Phil Langley presents at PlaceTech's Trend Talk London

, and black peppercorns.

In a small saucepan, combine the milk, squash puree and sugar and cook over low heat, whisking, until the milk is lukewarm and the sugar is dissolved.Remove the pan from the heat.

Phil Langley presents at PlaceTech's Trend Talk London

Whisk in the yeast and egg; let stand until foamy, 10 minutes..In the bowl of a stand mixer fitted with the paddle, beat the 4 1/4 cups of flour and the salt at low speed just to combine.With the machine on, slowly add the warm milk mixture and beat until incorporated, about 1 minute.

Phil Langley presents at PlaceTech's Trend Talk London

Beat in 1 tablespoon of the butter until completely incorporated; scrape down the side of the bowl.Add the remaining 7 tablespoons of butter, 1 tablespoon at a time.
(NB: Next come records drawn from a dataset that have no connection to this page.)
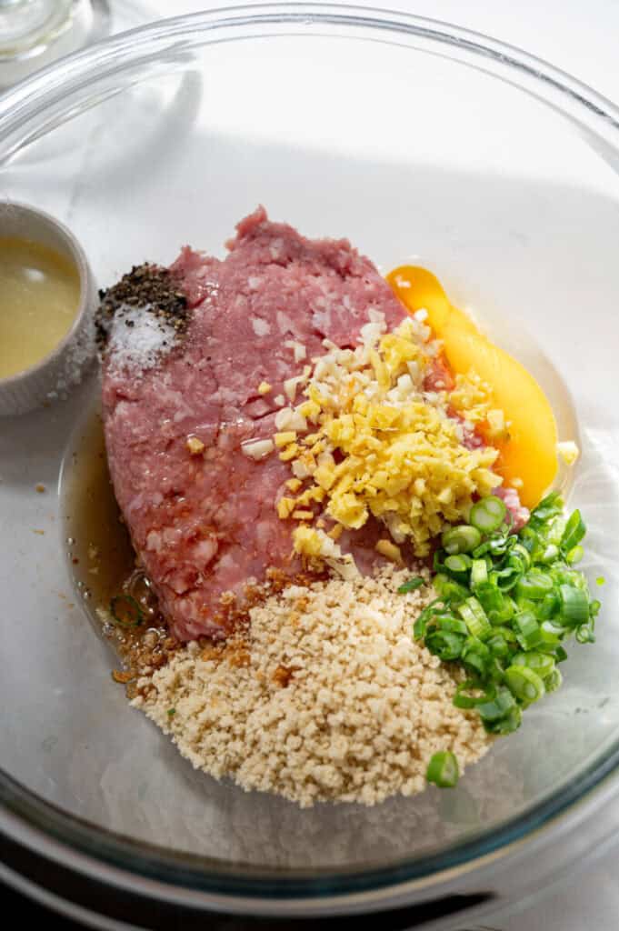 - Make the meatball mixture. In a large bowl, combine ground pork, egg, panko breadcrumbs, garlic, ginger, soy sauce, sesame oil, sriracha, black pepper, and green onions. Mix until just combined.
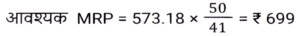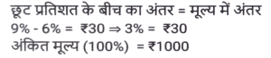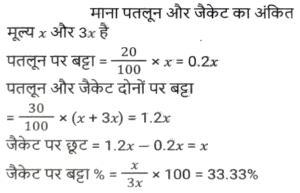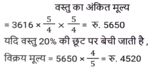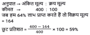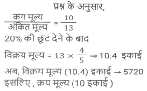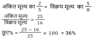 छूट/बट्टा (SSC) (Part-IV)Total Questions: 5021. एक कलम का अंकित मूल्य Rs.5000 है। दुकानदार ग्राहक को 15 प्रतिशत और b प्रतिशत के दो क्रमागत छूट देता है। यदि ग्राहक कलम के लिए Rs.4080 का भुगतान करता है, तो b का मान क्या है ? [SSC MTS 13/06/2023 (Morning)](a) 3%(b) 5%(c) 7.5%(d) 4%Correct Answer: (d) 4%Solution:22. एक वस्तु को 20 प्रतिशत और 20 प्रतिशत के दो क्रमागत बट्टों पर बेचा जाता है। दूसरे बट्टे के बाद वस्तु का विक्रय मूल्य Rs. 3616 है। यदि इसे 20 प्रतिशत के केवल एक बट्टे पर बेचा जाए, तो वस्तु का विक्रय मूल्य क्या होगा ? [SSC MTS 19/06/2023 (Morning)](a) Rs.3960(b) Rs.4520(c) Rs 4080(d) Rs.5200Correct Answer: (b) Rs.4520Solution:23. सपना ने एक सेल में Rs. 573.18 की एक किताब खरीदी, उसे MRP पर 18% की छूट मिली। किताब की MRP क्या है ? [SSC MTS 20/06/2023 (Morning)](a) Rs.649(b) Rs.699(c) Rs.749(d) Rs.799Correct Answer: (b) Rs.699Solution:24. अंकित मूल्य का 2/5 भाग विक्रय मूल्य के 5/8 भाग के बराबर है। छूट प्रतिशत क्या है ? [SSC CHSL 09/03/2023 (1st Shift)](a) 40%(b) 42%(c) 36%(d) 50%Correct Answer: (c) 36%Solution:25. वस्तु A पर 20 प्रतिशत का बट्टा वस्तु B पर 15 प्रतिशत बट्टे के बराबर है। वस्तु A और B के अंकित मूल्य का अनुपात क्या है ? [SSC CHSL 13/03/2023 (2nd Shift)](a) 3 : 4(b) 6 : 7(c) 7 : 8(d) 6 : 11Correct Answer: (a) 3 : 4Solution:26. एक पाजामे का अंकित मूल्य क्रय मूल्य का चार गुना है। 64 प्रतिशत लाभ अर्जित करने के लिए छूट प्रतिशत कितना होना चाहिए ? [SSC CHSL 15/03/2023 (2nd Shift)](a) 55%(b) 62%(c) 65%(d) 59%Correct Answer: (d) 59%Solution:27. एक पतलून और एक जैकेट का अंकित मूल्य 1 : 3 के अनुपात में है। दुकानदार पतलून पर 20 प्रतिशत का बट्टा देता है। यदि उन दोनों पर दिया गया कुल बट्टा 30 प्रतिशत है, तो जैकेट पर कितने प्रतिशत बट्टा दिया गया ? [SSC CHSL 16/03/2023 (1st Shift)](a) 28.56%(b) 41.25%(c) 33.33%(d) 16.66%Correct Answer: (c) 33.33%Solution:28. निखिल अपनी पत्नी के लिए हीरे की अंगूठी खरीदता है। हीरे की अंगूठी का अंकित मूल्य Rs. 20,000 है और इसकी कीमत में दो क्रमागत बट्टे दिए जाते हैं, जो क्रमशः 25% और x% हैं। यदि दोनों बट्टों के बाद उसे खरीदने के लिए Rs. 12,000 का भुगतान किया जाता है, तो x का मान ज्ञात करें। [SSC CHSL 16/03/2023 (2nd Shift)](a) 40%(b) 10%(c) 20%(d) 35%Correct Answer: (c) 20%Solution:29. पीयूष अपनी वस्तु का मूल्य उसके क्रय मूल्य से 30 प्रतिशत अधिक अंकित करता है। यदि वह 20 प्रतिशत की छूट देकर वस्तु को Rs. 5720 में बेचता है, तो वस्तु का क्रय मूल्य क्या होगा ? [SSC CHSL 17/03/2023 (3rd Shift)](a) Rs.5000(b) Rs.5350(c) Rs.5200(d) Rs.5500Correct Answer: (d) Rs.5500Solution:30. एक विक्रेता एक घड़ी पर 9% बट्टा देता है। यदि वह 6% बट्टा देता है, तो वह Rs 30 अधिक लाभ अर्जित करता है। अंकित मूल्य कितना है ? [SSC CHSL 20/03/2023 (2nd Shift)](a) Rs.900(b) Rs.1,400(c) Rs.1,000(d) Rs.1,300Correct Answer: (c) Rs.1,000Solution:Submit Quiz« Previous12345Next »
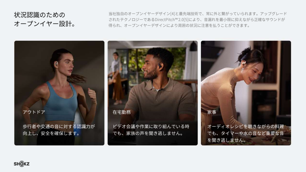- シリーズ3製品の比較表(Shokz Website)
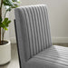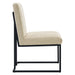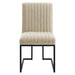 Inspire retro design and modern style in your dining room with the Indulge Channel Tufted Dining Chair. Mid-century inspired channel tufting flows effortlessly into the matte black stainless steel sled base of this dining accent chair. Covered in soft polyester fabric, this upholstered chair is complete with dense foam padding creating a comfortable, supportive place to sit while dining. Bring contemporary style to your living space, dining room, lounge area, or home office with this dining chair. Includes non-marking foot caps. Chair Weight Capacity: 330 lbs.
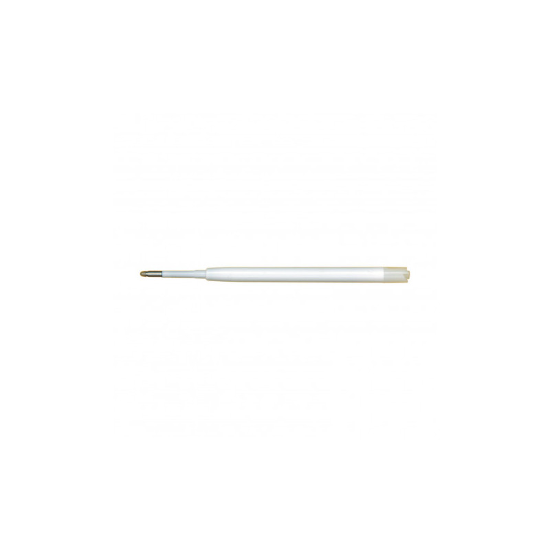Push button ballpoint pen with black ink. White barrel with chrome button, tip and highlight ring. Matching coloured clip and grip. Writing distance: 2.1 kilometres.

Phil Langley presents at PlaceTech's Trend Talk London

Beat the dough until well combined, about 2 minutes..

Fit the mixer with the dough hook.Season with salt and black pepper.

Serve in a large bowl and garnish with scallion greens and additional chutney.. About this recipe.The key to this fried rice recipe is to make sure you don't use just-cooked rice.

If you can, use day–old leftover rice, so it's nice and dry.We like stash leftover rice in the freezer, so we have some ready when the urge to make fried rice hits.. How to Make Takeout-Style Fried Rice at Home.